The practical implication: a team can go from filing release to actionable summary in seconds with the 8B model, or opt for deeper analytical quality with the 70B model when the question demands it, on Lambda’s NVIDIA HGX 8xB200, without investing in a full rack-scale system. The benchmark gives you the concrete performance improvements of that upgrade so you can make the call deliberately rather than by instinct.
Use case 2: risk and compliance teams
Regulatory compliance document review
Compliance teams operate in a different regime. The priority isn’t millisecond reaction time, it’s volume. A risk team tasked with reviewing hundreds of counterparty disclosures or flagging clauses across a portfolio of contracts must process large documents in batches, overnight or over a defined window, and needs confidence that the system won’t run out of memory mid-job.
While the EDGAR4a benchmark focuses on interactive workloads, the compliance use case is where the 70B model’s advantage over 8B becomes most defensible. Longer documents, more nuanced clause interpretation, and lower tolerance for hallucination all point toward the larger model. The benchmark results give you the data to quantify exactly what that choice costs in throughput and latency terms, so that the decision can be made on evidence, not assumption.

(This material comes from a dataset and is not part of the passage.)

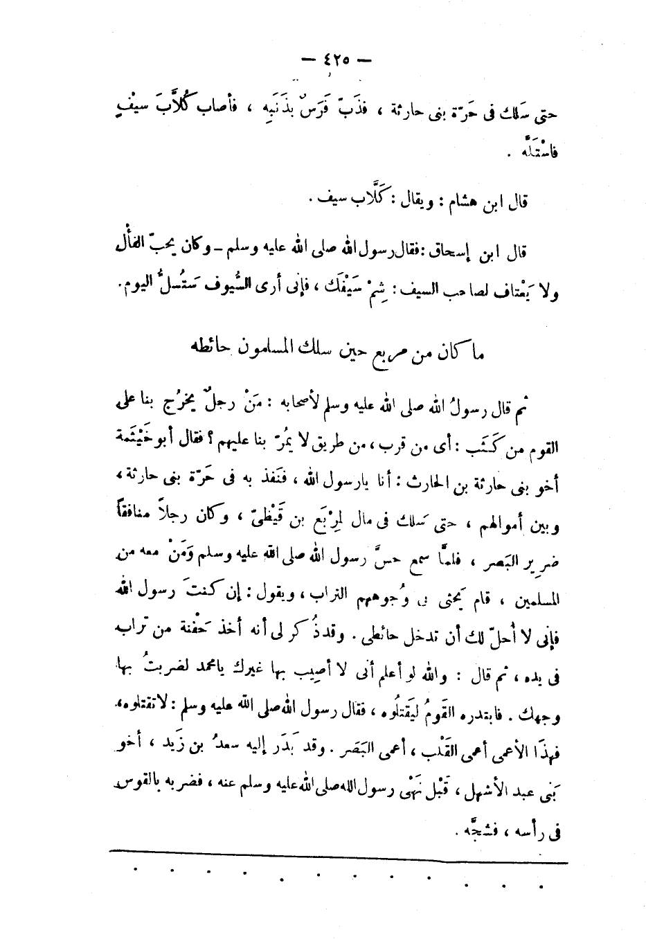 ثم قَالَ رَسُولُ اللهِ صَلَّى اللَّهُ عَلَيْهِ وَسَلَّمَ لِأَصْحَابِهِ: مَنْ رَجُلٌ يَخْرُجُ بِنَا عَلَى الْقَوْمِ مِنْ كَثَبٍ: أَيْ مِنْ قُرْبٍ، مِنْ طَرِيقٍ لَا يَمُرّ بِنَا عَلَيْهِمْ؟ فَقَالَ أَبُو خَيْثَمَةَ أَخُو بَنِي حَارِثَةَ بْنِ الْحَارِثِ: أَنَا يَا رَسُولَ اللهِ، فَنَفَذَ بِهِ فِي حَرّةِ بَنِي حَارِثَةَ، وَبَيْنَ أَمْوَالِهِمْ، حَتّى سَلَكَ فِي مَالٍ لِمِرْبَعِ بْنِ قَيْظِيّ، وَكَانَ رَجُلًا مُنَافِقًا ضَرِيرَ الْبَصَرِ، فَلَمّا سَمِعَ حِسّ رَسُولِ اللهِ صَلَّى اللَّهُ عَلَيْهِ وَسَلَّمَ وَمِنْ مَعَهُ مِنْ الْمُسْلِمِينَ، قَامَ يَحْثِي فِي وُجُوهِهِمْ التّرَابَ، وَيَقُولُ: إنْ كُنْتَ رَسُولَ اللهِ فَإِنّي لَا أُحِلّ لَك أَنْ تَدْخُلَ حَائِطِي. وَقَدْ ذُكِرَ لِي أَنّهُ أَخَذَ حَفْنَةً مِنْ تُرَابٍ فِي يَدِهِ، ثُمّ قَالَ: وَاَللهِ لَوْ أَعْلَمُ أَنّي لَا أُصِيبُ بِهَا غَيْرَك يَا مُحَمّدُ لَضَرَبْتُ بِهَا وَجْهَك. فَابْتَدَرَهُ الْقَوْمُ لِيَقْتُلُوهُ، فَقَالَ رَسُولُ اللهِ صَلَّى اللَّهُ عَلَيْهِ وَسَلَّمَ: لَا تَقْتُلُوهُ، فَهَذَا الْأَعْمَى أَعْمَى الْقَلْبِ، أَعْمَى الْبَصَرِ. وَقَدْ بَدَرَ إلَيْهِ سَعْدُ بْنُ زَيْدٍ، أَخُو بَنِي عَبْدِ الْأَشْهَلِ، قَبْلَ نَهَى رَسُولُ اللهِ صَلَّى اللَّهُ عَلَيْهِ وَسَلَّمَ عَنْهُ، فَضَرَبَهُ بِالْقَوْسِ فِي رَأْسِهِ، فشجّه.
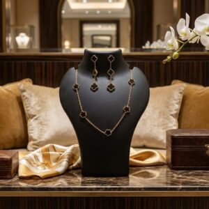 Black floral Necklace and Earrings set

- How many documents can the system process per hour at 8B vs 70B? (Throughput v.s. quality trade-off)
- Can it handle the long context windows of dense regulatory documents without OOM errors? (Memory capacity, 192 GB HBM3e per NVIDIA Blackwell GPU vs 140 GB on NVIDIA 8×H200 NVL is directly relevant here)
- What is the operational energy cost over a multi-hour batch run at each model size? (Energy efficiency)
On batch workloads, NVIDIA HGX 8xB200 results are the strongest in the dataset. 8B E5a batch throughput reached 2,220 wps, compared with an NVIDIA 8×H200 NVL baseline of 954 wps, a 133% improvement. On interactive E5a workloads, NVIDIA HGX 8xB200 handled 2.4 req/s at 3.31s median latency, versus the NVIDIA 8×H200 NVL's 36.2s at the same load, and extended to 5.6 req/s, where the NVIDIA 8×H200 NVL couldn’t sustain load at all. The 70B E5b batch reached 350 wps against an NVIDIA 8×H200 NVL baseline of 132 wps, a 165% improvement. The long-context batch gap is directly attributable to the NVIDIA Blackwell GPU memory architecture: 192 GB HBM3e per GPU at 8 TB/s allows the system to hold long-context requests in fast memory, which the NVIDIA 8×H200 NVL must offload, compounding throughput advantages as document length increases.
The 192 GB of HBM3e per GPU on NVIDIA HGX 8xB200 is not an accident; it means the system can hold longer context windows in fast memory, avoiding the latency penalty of offloading that constrains memory-limited GPUs on large-document tasks. For compliance workloads where documents are long, and context window pressure is real, this architectural advantage directly translates into throughput.
Use case 3: wealth management / private banking
AI-assisted client advisory and report generation
Wealth managers and private bankers face a different AI deployment challenge from trading desks or compliance teams. The output is client-facing. This includes investment commentary, portfolio reviews, and market outlooks, which means quality matters as much as speed, and the model needs to handle personalized context (a client’s holdings, risk profile, prior correspondence) alongside market data.
This is a 70B workload by default. The reasoning quality gap between 8B and 70B is most visible when the model needs to synthesize multiple data sources into coherent, nuanced prose, the kind of output a relationship manager would put their name on. The benchmark results answer the infrastructure question that makes or breaks the deployment:
- Can a 70B model serve multiple advisors simultaneously without each waiting seconds for a response? (Interactive throughput and reaction time under concurrency)
- Can it handle the mixed long-short context of client files alongside real-time market inputs? (Memory capacity and context switching)
- What does running this at scale across a large advisory team cost in energy and compute? (Energy efficiency for TCO planning)
The 70B results on E4b are directly relevant here: 20 req/s sustained with 0.095s reaction time. This is fast enough that an advisor’s workflow is not interrupted waiting for the model, and well within the threshold at which AI-assisted generation feels native rather than bolted-on. The 82% margin over NVIDIA 8xH200 NVL’s 0.522s baseline at peak load means there is headroom to scale concurrent advisory users without hitting a latency wall.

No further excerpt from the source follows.